Within recent years, self-publishing has become one of the fastest growing segments of the publishing industry.  Some of the best authors may not initially be published by a major publishing house, but after the book is printed and marketed in published form, and the author establishes a track record in sales, that book may be picked up by a major publishing house for an attractive contract.

Two such success stories are:

Laurie Notaro’s The Idiot Girls’ Action Adventure Club was originally published by iUniverse, then placed twelfth on the New York Times Paperback Best-Seller List which landed her a six-figure, two-book contract with Random House.

Steven Keslowitz’s The Simpsons and Society was first published by Wheatmark before the book was published by Sourcebooks.

So here are the 5 reasons you may want to consider self-publishing:

  1. Keep control of your project;
  2. Control the time frame for writing, editing, and publishing;
  3. Fill a specific niche;
  4. Be the sole owner of the proceeds from the book’s sales;
  5. Get yourself in print.

Check for books published by Eileen Birin.
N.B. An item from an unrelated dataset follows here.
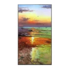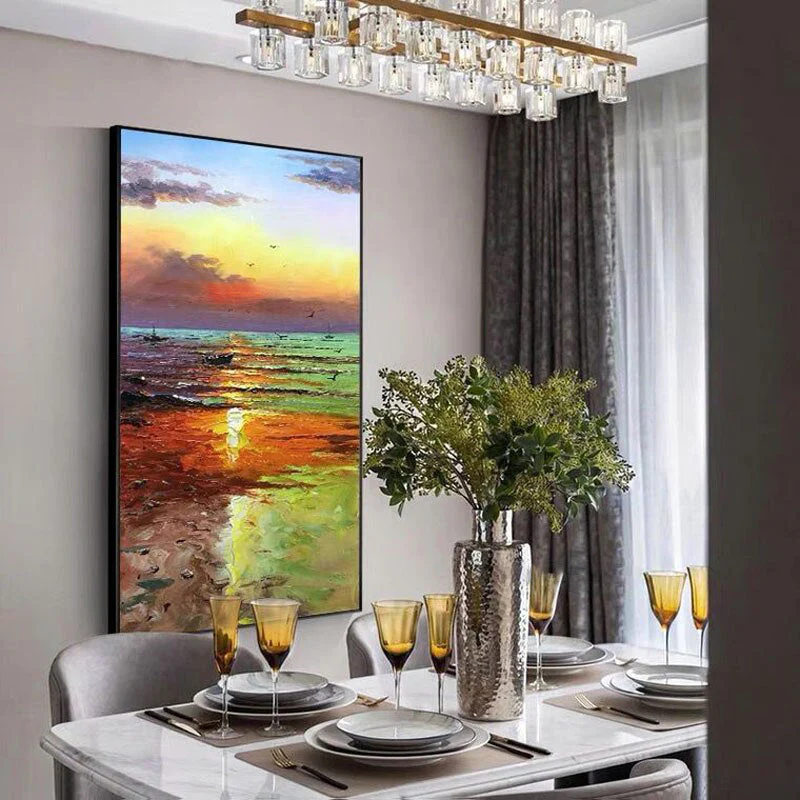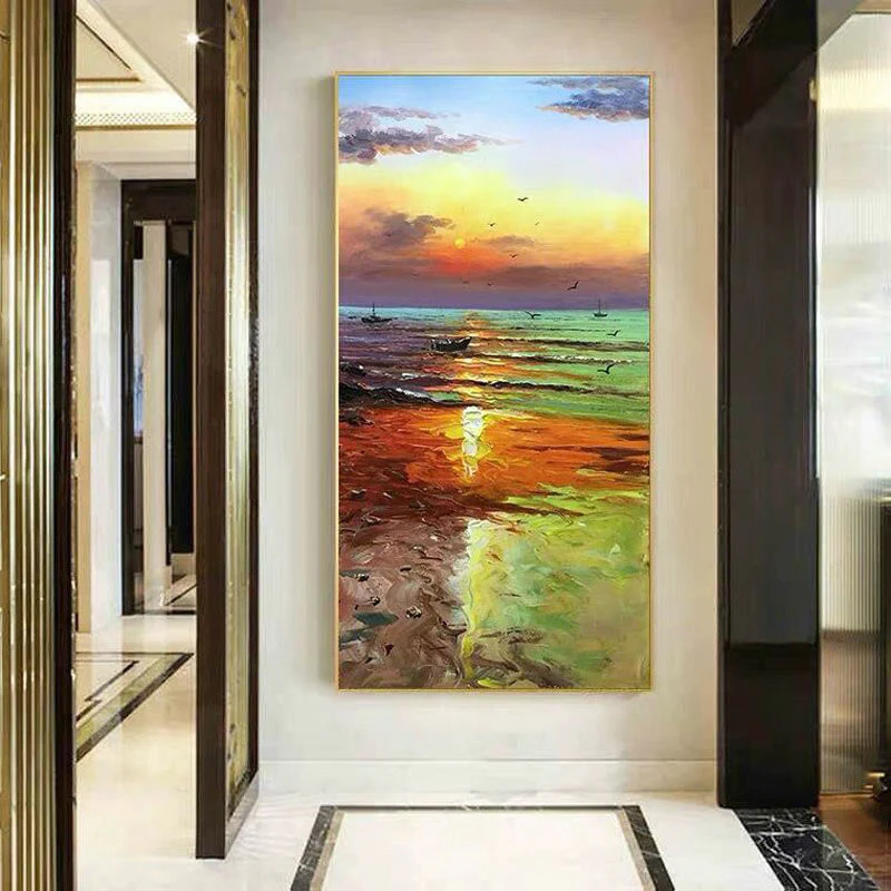 Immerse yourself in the glowing beauty of Lucid Sunset. With its radiant tones and reflective waters, this painting captures the essence of a peaceful horizon. It’s a perfect centerpiece for lovers of beautiful sunsets and serenity.

SEE with WORDS: February 19, 2015

One More Idea to Consider:

Here’s another important idea you may want to consider as you get started in the writing game.  Check local community colleges for adult continuation or special interest classes in writing.  Some may even offer workshops or seminars on various aspects of writing.  Local libraries are other resources for writing groups, special presentations on writing, or even critique groups.  Signing up for a writing course, taking a workshop or joining a critique group can prove beneficial especially if you are a novice writer and may need the support and incentive from others with similar interests.  A writing course can also provide the structure and basic techniques necessary for good writing.

Along these same lines, if several of your friends or members of a writing class are interested in working together, you might consider forming your own small writing group.  This would allow for immediate feedback and critiquing of your stories, provide opportunities to share similar learning experiences with each other, offer encouragement to get through some of those so called “writer’s block” moments, support each other’s efforts, shed light on new discoveries, and most important, laugh and cry together as you explore the problems of the lonely, yet exhilarating,  life of a writer.  So with pen in hand and love in your heart, be strong–embrace the unforgiving pain and the sublime joy of the writing life.

Writing is therapy for both you and the reader.